Automation of release notes in agile projects
My team works in short iterations at the end of which we should be able to release a new version of the software with added value.
To facilitate the generation of release notes, another team I was observing is using markups in their version control commit message: they add [R] in the commit message to denote the addition new features to the repository.
I thought it was a good idea and introduced it as a version control standard in my team.
After a couple of iterations, there weren't many [R] in the commit messages.
We found ourselves sometimes shying away from adding an [R] to the commit message, as we're not always sure a feature is done or not. Also we do commit often, I'd say compulsively, at various steps of our work: it's easy to commit the last chunk without realizing it's the last. It is also easy to mark a commit with [R] on a chunk of code for which some files are accidentally missing from the commit.
After further investigation, I discovered a difference in branching strategy between the two teams:
In my team we branch on ad-hoc basis when we are about to start a risky task, but keep working on trunk for work with limited scope and impact. The other team is systematically creating branches for ANY new work they are doing, which means that merging branches (after running the test suite on that branch) to trunk define what is a completed feature and the [R] mark tends to be found on commit message for merges.

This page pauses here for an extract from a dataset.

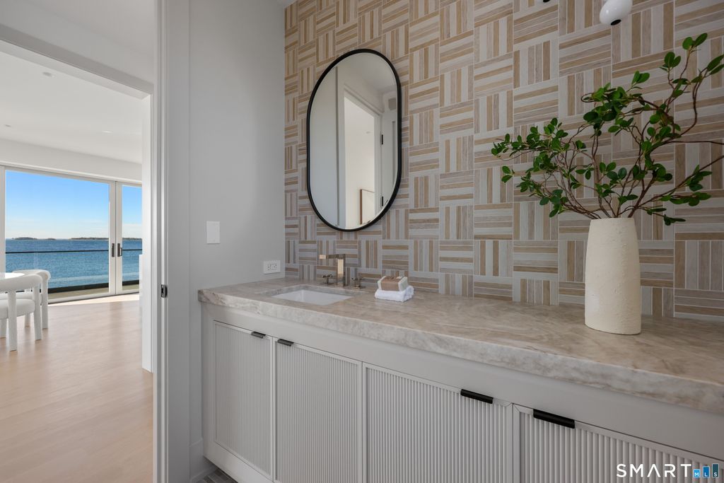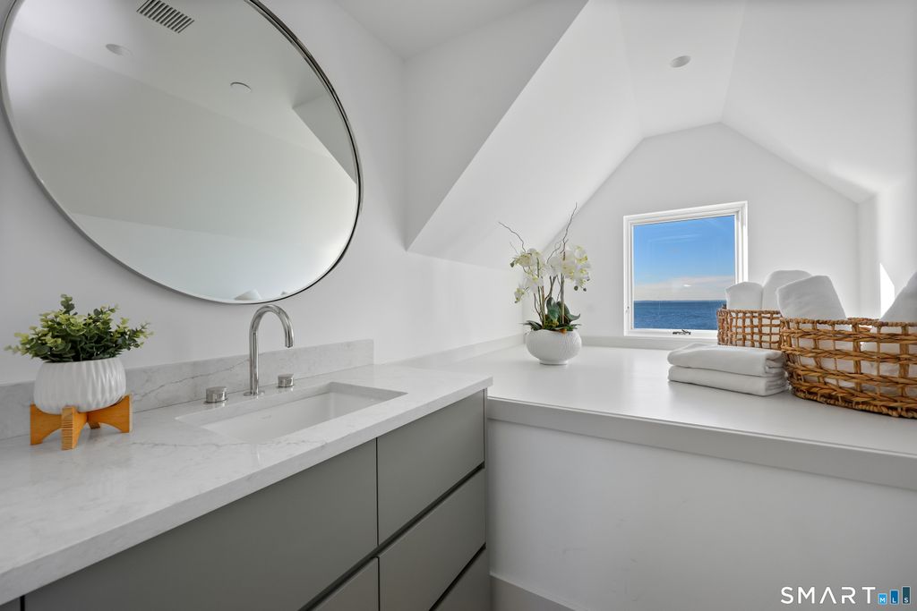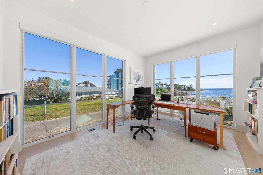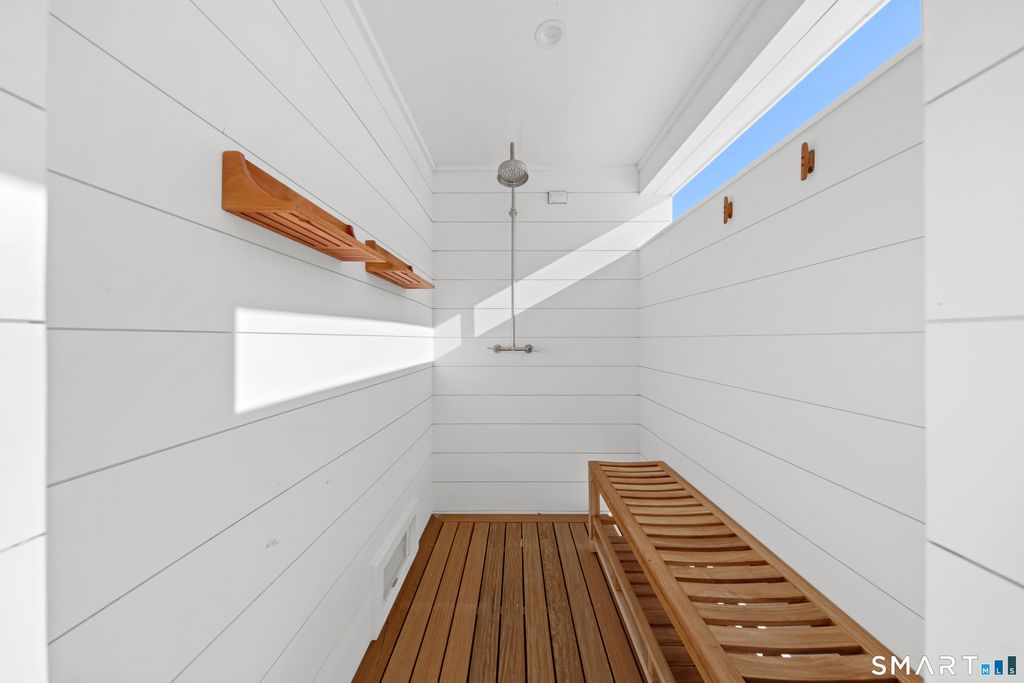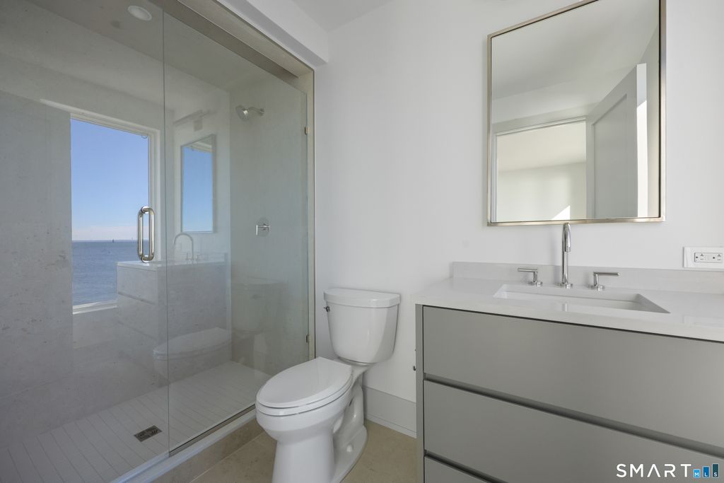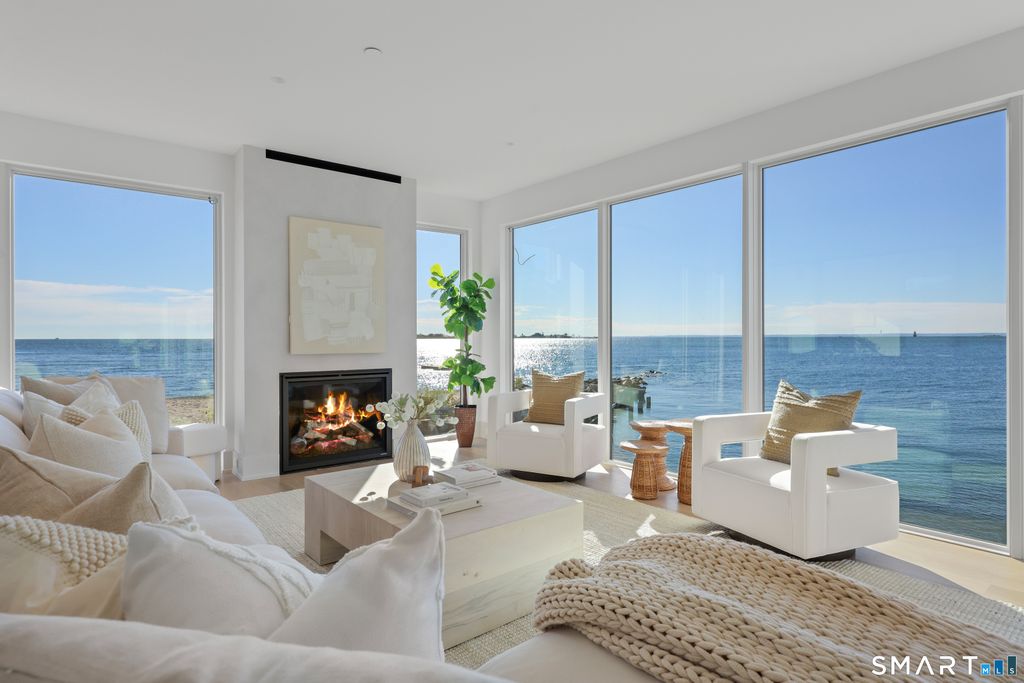 Rare opportunity to live directly on a private beach in Westport this summer. This new home on Saugatuck Island is offered for the first time as a rental. Three plus floors, high ceilings, luxurious 4-bedroom 3700sqft home on the beach offers the unique sensation of floating on Long Island Sound through floor-to-ceiling windows that bring the views and lapping sounds of the tides inside. A large, furnished terrace opens to the beach and is ideal for entertaining. Step from its tiled floor onto the sand for a morning swim or kayak, then shower off the salt and sand in the teak-lined outdoor shower. This open-air, covered space on the beach is a retreat from the summer heat, or a cozy spot with electric heaters for chillier nights. Above it, the main floor is a 70ft-long open-plan space with waterviews in 3 directions framing a gourmet kitchen, dining area, family room and a south-facing balcony, plus an office and butler's pantry. The 4 bedrooms are all en suite incl. a stunning primary suite with a dramatic corner water view and spa bathroom. A 3rd-floor den with wet bar and balcony can be another spot for yoga, sunset cocktails or used as a kids' hangout. Finished off with a 2-car garage and whole-house generator, the beachside home is conveniently located near Saugatuck Village's restaurants & cafes. An 8-minute drive to the train station gets you to Grand Central in as little as 68 min. Enjoy graceful private island living with effortless access. *Three month minimum lease

Since we are not applying a branch for every feature policy we need to find other ways to identify task done in an iteration. What we are doing though is acceptance test driven development.
It starts with a user story, then the associated acceptance tests. We use fit to write FIT tables for acceptances and write the fixture code for the automated test. The Fit infrastructure is held in Fitnesse which is a wiki-on-steroids with an integrated FIT runner.
Each user story is en entry in the wiki, and Fitnesse allows you to create virtual wiki links on wiki entries which allow easy creation of indexes (dynamically or statically updated).
We are already using these facilities to regroup all completed and validated stories on a page called RunningTestedFeature which is then executed as a suite as part of our continuous integration process for regression testing.
The interesting bit is that in a similar way, for each iteration we can also create a page linking to all stories planned for that iteration at the end of which the suite is executed . The stories whose acceptances tests passed become the bullet point item in the release note if we decide to release.
And there is an added bonus: by keeping these iteration index pages over time, it will help the calculation of velocity as it becomes easy to count how many stories are completed per iteration.